[<prev] [next>] [<thread-prev] [day] [month] [year] [list]
Message-ID: <AANLkTikHVsRra=jUHsOzyjtA+=RJXtbgNtUBkcR8m+8q@mail.gmail.com>
Date: Fri, 14 Jan 2011 23:04:15 +1100
From: Nick Piggin <npiggin@...il.com>
To: Russell King <rmk@....linux.org.uk>
Cc: linux-kernel@...r.kernel.org, Nick Piggin <npiggin@...nel.dk>,
Linus Torvalds <torvalds@...ux-foundation.org>
Subject: Re: BUG: __d_rehash explodes on boot
On Fri, Jan 14, 2011 at 9:58 PM, Russell King <rmk@....linux.org.uk> wrote:
> __d_rehash is dereferencing an almost-NULL pointer on my ARM926.

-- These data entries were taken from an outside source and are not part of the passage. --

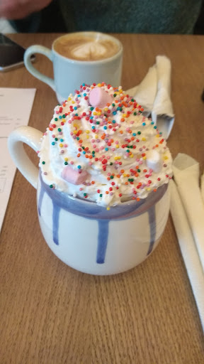 So initially we were going to visit another cafe nearby, which is only steps away from this one. By the will of destiny, we entered the wrong door and found ourselves here. The place isn't too big, but it has a couple of group tables, about 5 tables for couples and bar stools by the bar (oh what a surprise). The interior is very well thought through, it's creamy, soft, very home-like. The staff is friendly and helpful, and I think is LGBTQ-friendly. And now the most important thing that people come here for: the food. Hot drinks are amazingly delicious. I ordered the 'Bubble' - coffee with bubble gum taste, whipped cream and marshmallows. The thing was like a dessert, really. And then there are actual desserts. The variety of cakes and other snacks is astounding. I chose the 'Captain America', and, boy, what a lovely thing it was! Sort of honey, yogurt, fresh (!) berries on top and cinnamon. What I loved about the food is the size. It was a proper piece of cake, probably even too big for me. And yet it was so good that I felt obliged to engulf it. No regrets. Even though the place is expensive: 850 RUB for the coffee...
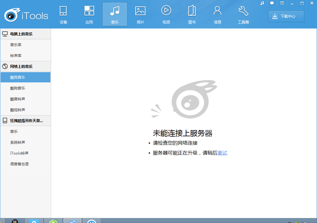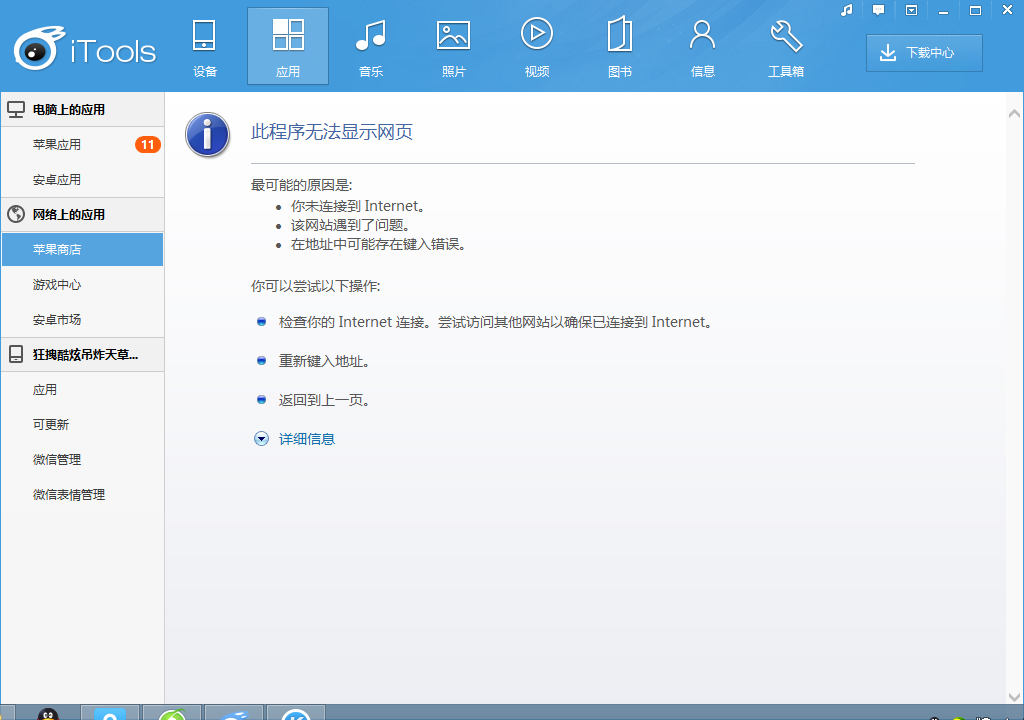 iTunes这边有提示,你的网络配置检查一下。网络坏境不稳定导致的
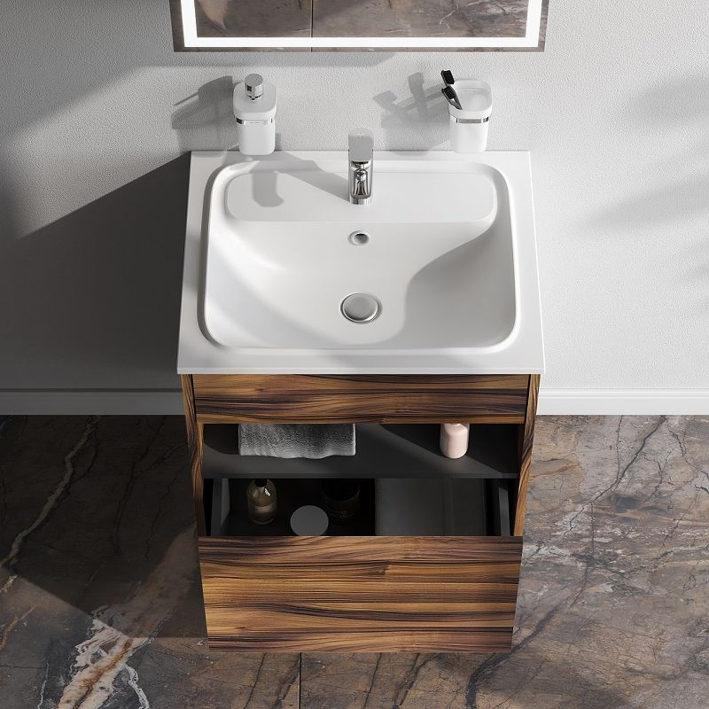 Коллекция мебели Func отличается своей функциональностью, вариативностью и мобильностью. Наши инженеры продумали и учли каждую деталь, чтобы сделать взаимодействие с продуктами максимально простым и комфортным для всех членов семьи. Удобный выдвижной ящик и вместительная открытая ниша позволяют хранить все необходимые средства под рукой. Невероятно мягкое открытие и закрытие благодаря направляющим скрытого монтажа с системой soft close. Универсальный монтаж подвесной и напольный (комплект ножек приобретается отдельно).
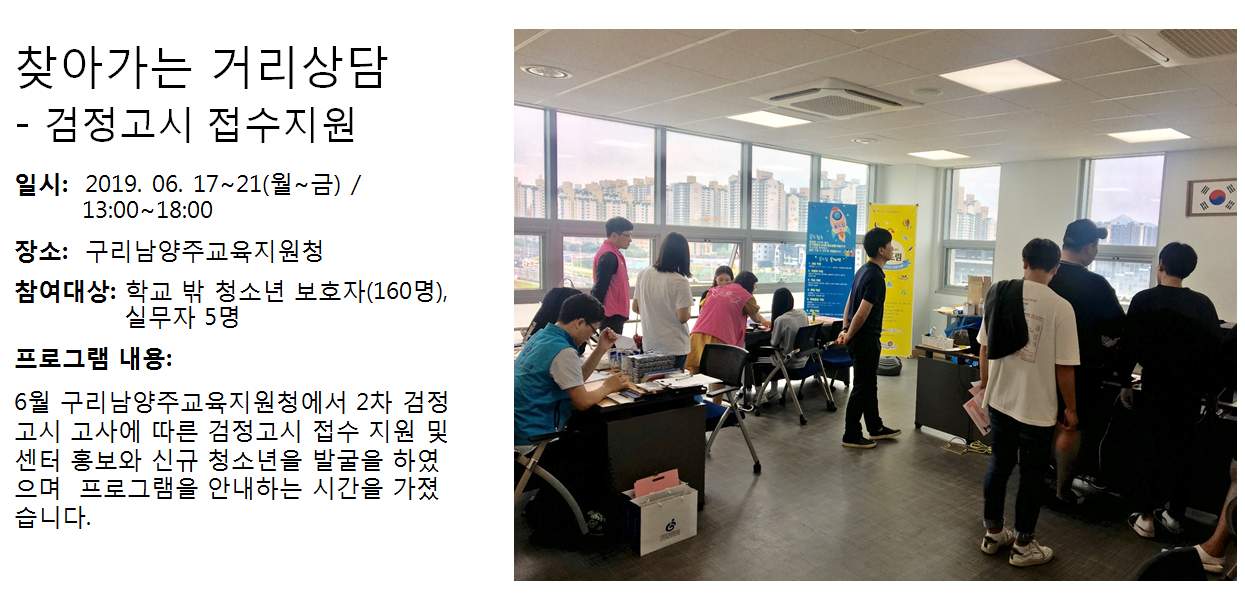 청소년상담복지센터 2019년 6월 찾아가는거리상담 - 검정고시접수지원 작성자 관리자 등록일자 2019년 7월 3일 11시 17분 48초 조회 277 1562120268_photo_table.png [ Size : 887.3KB , Down : 101 ] 미리보기 다운로드 목록보기
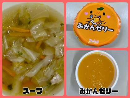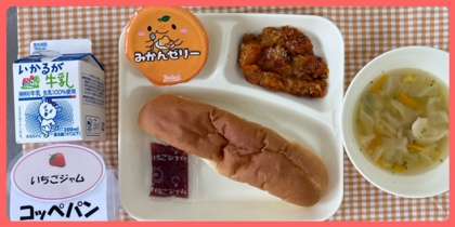?今日の献立は、かぼちゃのミートグラタン・スープ・みかんゼリー・コッペパン・いちごジャム・牛乳でした。
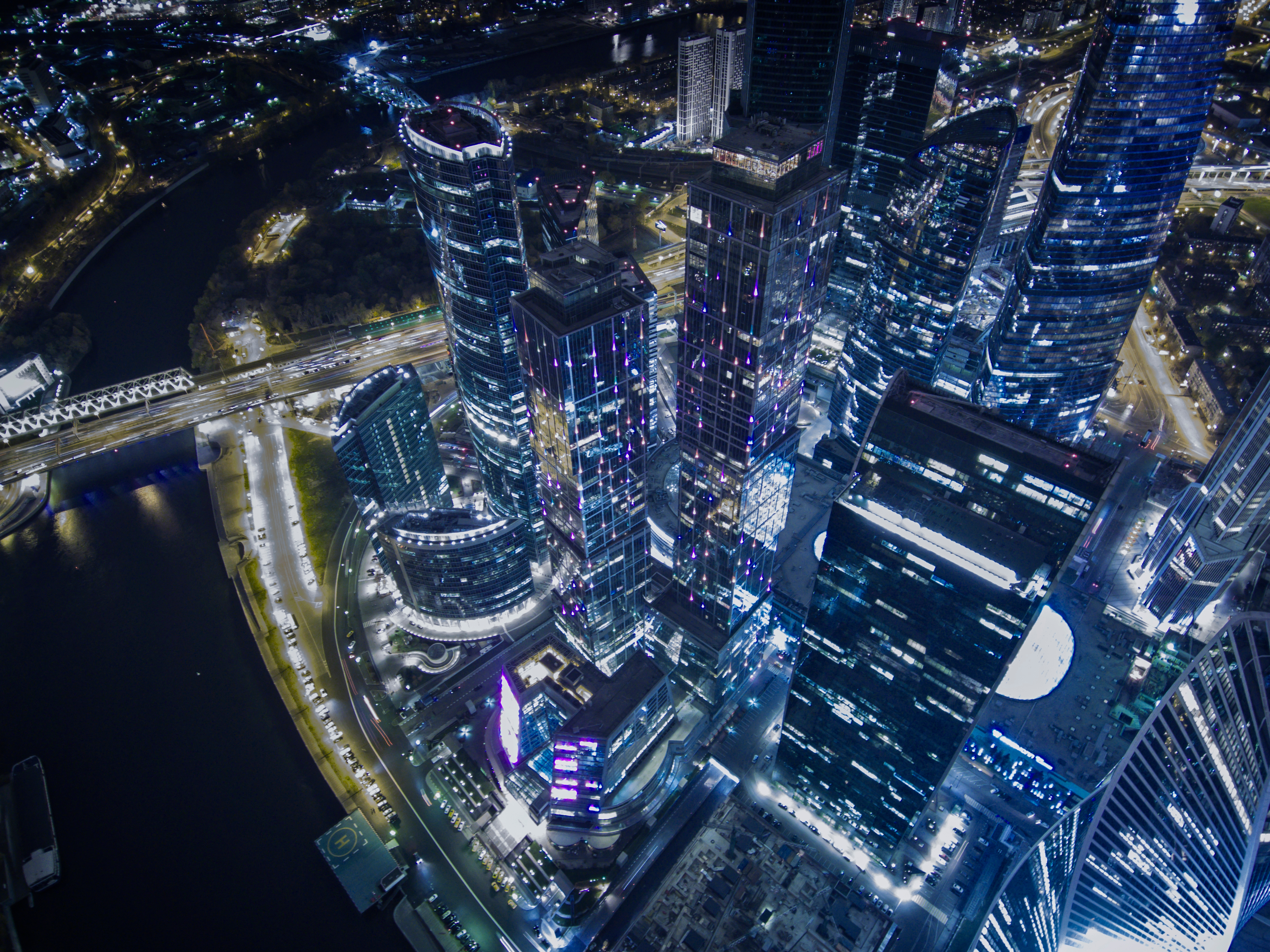Ночной вид на Москва-сити с высоты 500 метров
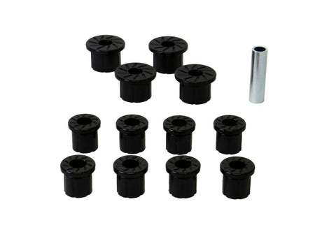 A critical service item for any leaf sprung vehicle. High kilometres and heavy load carrying causes excessive wear on rubber bushings. Whiteline's signature black bushings are made tough and offer outstanding abrasion resistance, high load bearing capability (4WD's, utes and towing), flexibility, increased tensile strength and chemical resistance to oil, grease, ozone and weathering.
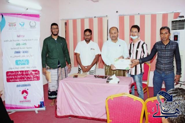 برعاية السلطة المحلية متمثلة في الدكتور عدنان محمد حمران المدير العام لمديرية غيل باوزير *جمعية التنمية الاجتماعية بغيل باوزير تقيم حفل تكريم منتدى رفقاء الطبي نظير جهودهم لإنجاح الحملة التوعوية ” يداً بيد نضع للسرطان حد “*
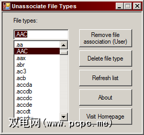 此便携式应用程序的唯一功能是为活动的Windows用户删除文件类型关联。删除关联的选项将变为灰色,直到您选择具有现有关联的文件类型为止。您还可以完全删除文件类型关联。
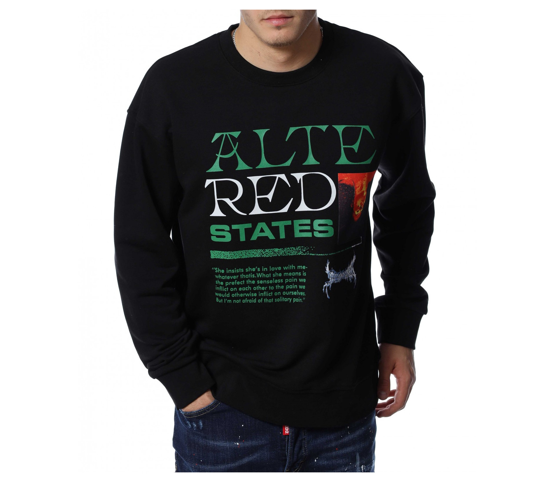 Топла, памучна мъжка блуза с дълъг ръкав. Основата е едноцветна, а в предната част забелязваме интересна щампа, придружена от надписи \"Alte Red States\". При китките и в долната част са добавени ластични маншети, които придават завършен вид на блузата. Деколтето е овално, а кройката осигурява комфорт и свобода на движение. Комбинирайте с дънки и кецове и завършете ежедневният си аутфит.
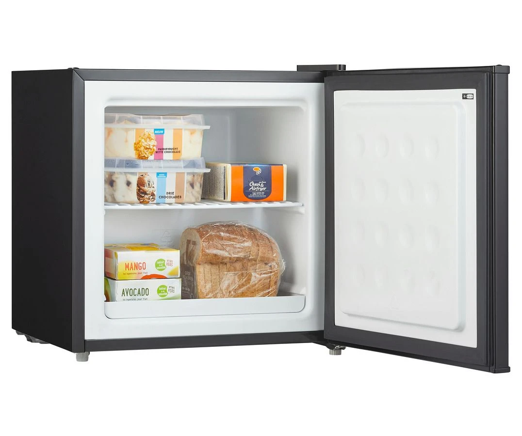 Deze zwarte mini vriezer is ruimtebesparend met een inhoud van 31 liter, waarmee je kleine etenswaren invriest. Door zijn afmetingen is hij zeer geschikt voor kleine appartementen, kantoren of studentenkamers. Aan de binnenkant van de mini vriezer zitten twee grote aparte vakken waar je van alles kunt invriezen. Eén van de voordelen van deze mini vriezer is dat hij gemakkelijk op bijvoorbeeld een kast, koelkast of bar geplaatst kan worden.
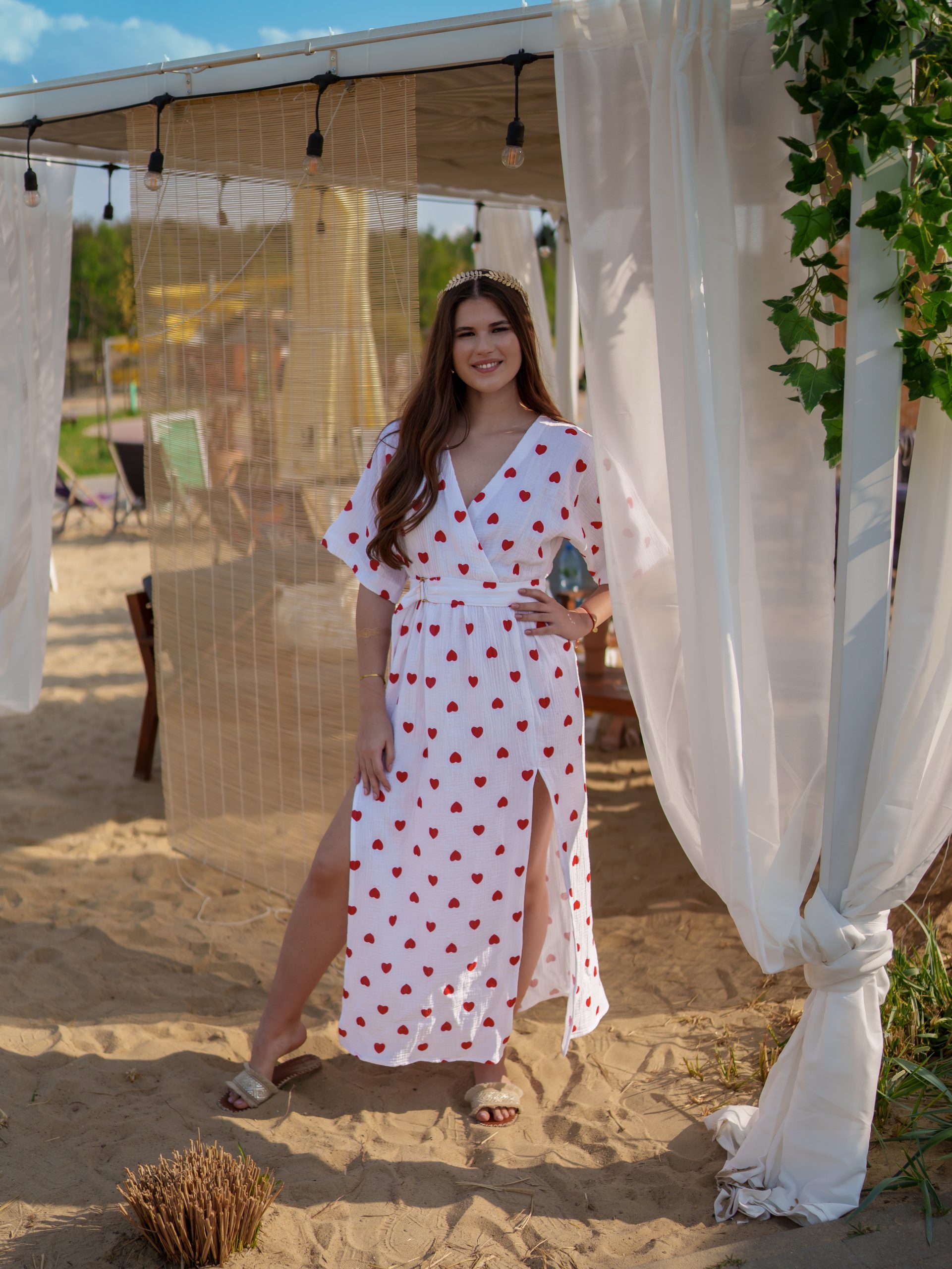 Sukienka muślinowa z dwoma rozcięciami i kimonowym dekoltem biała w serduszka
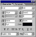 Любые типы текста (редактируемый и др.) создаются с помощью инструмента Туре(Текст), меню Layer (Слои), палитры Character (Шрифт), показанной на рис. 1.3, палитрыParagraph (Абзац) и панели опций (рис. 1.4).
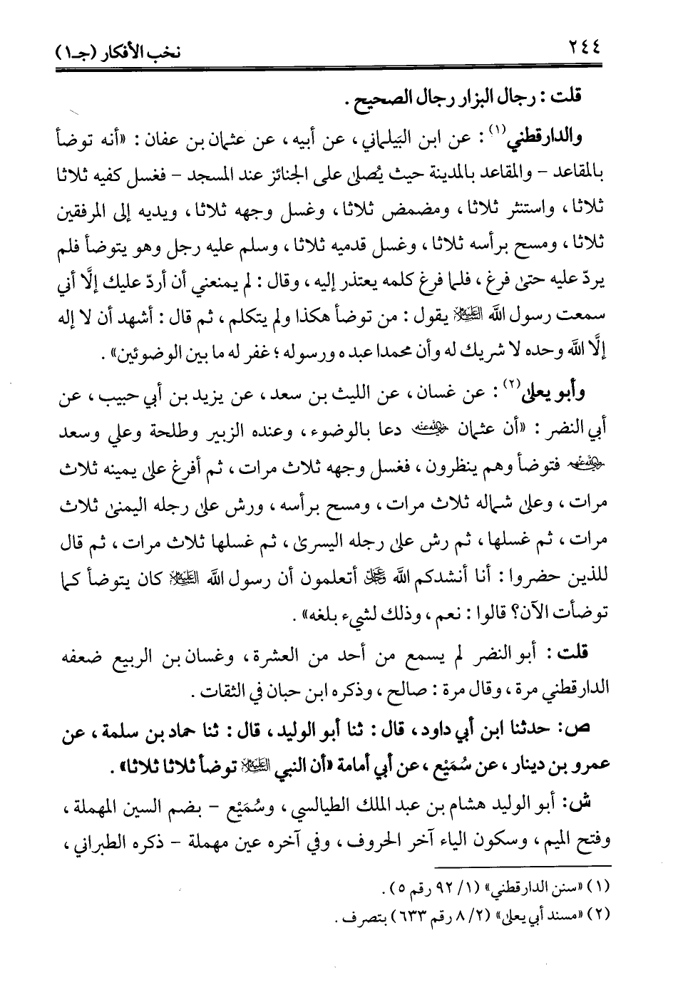وأبو يعلى (¬2): عن غسان، عن الليث بن سعد، عن يزيد بن أبي حبيب، عن أبي النضر: "أن عثمان - رضي الله عنه - دعا بالوضوء، وعنده الزبير وطلحة وعلي وسعد - رضي الله عنه - فتوضأ وهم ينظرون، فغسل وجهه ثلاث مرات، ثم أفرغ على يمينه ثلاث مرات، وعلي شماله ثلاث مرات، ومسح برأسه، ورش على رجله اليمنى ثلاث مرات، ثم غسلها، ثم رش على رجله اليسرى، ثم غسلها ثلاث مرات، ثم قال للذين حضروا: أنا أنشدكم الله عز وجل أتعلمون أن رسول الله - عليه السلام - كان يتوضأ كما توضأت الآن؟ قالوا: نعم، وذلك لشيء بلغه".
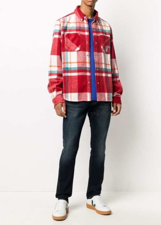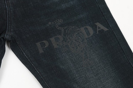 프라다 화이트 트라이앵글 융기모 진청 슬림진 남성용(1컬러)

> CONFIG_SMP=n and CONFIG_DEBUG_SPINLOCK=y.
>
> The faulting instruction is: strne r3, [r2, #4]
> and as can be seen from the register dump below, r2 is 0x00000001, hence
> the faulting 0x00000005 address.
>
> __d_rehash is essentially:
>
> spin_lock_bucket(b);
> entry->d_flags &= ~DCACHE_UNHASHED;
> hlist_bl_add_head_rcu(&entry->d_hash, &b->head);
> spin_unlock_bucket(b);
>
> which is:
>
> bit_spin_lock(0, (unsigned long *)&b->head.first);
> entry->d_flags &= ~DCACHE_UNHASHED;
> hlist_bl_add_head_rcu(&entry->d_hash, &b->head);
> __bit_spin_unlock(0, (unsigned long *)&b->head.first);
>
> bit_spin_lock(0, ptr) sets bit 0 of *ptr, in this case b->head.first if
> CONFIG_SMP or CONFIG_DEBUG_SPINLOCK is set:
>
> #if defined(CONFIG_SMP) || defined(CONFIG_DEBUG_SPINLOCK)
> while (unlikely(test_and_set_bit_lock(bitnum, addr))) {
> while (test_bit(bitnum, addr)) {
> preempt_enable();
> cpu_relax();
> preempt_disable();
> }
> }
> #endif
>
> So, b->head.first starts off NULL, and becomes a non-NULL (address 1).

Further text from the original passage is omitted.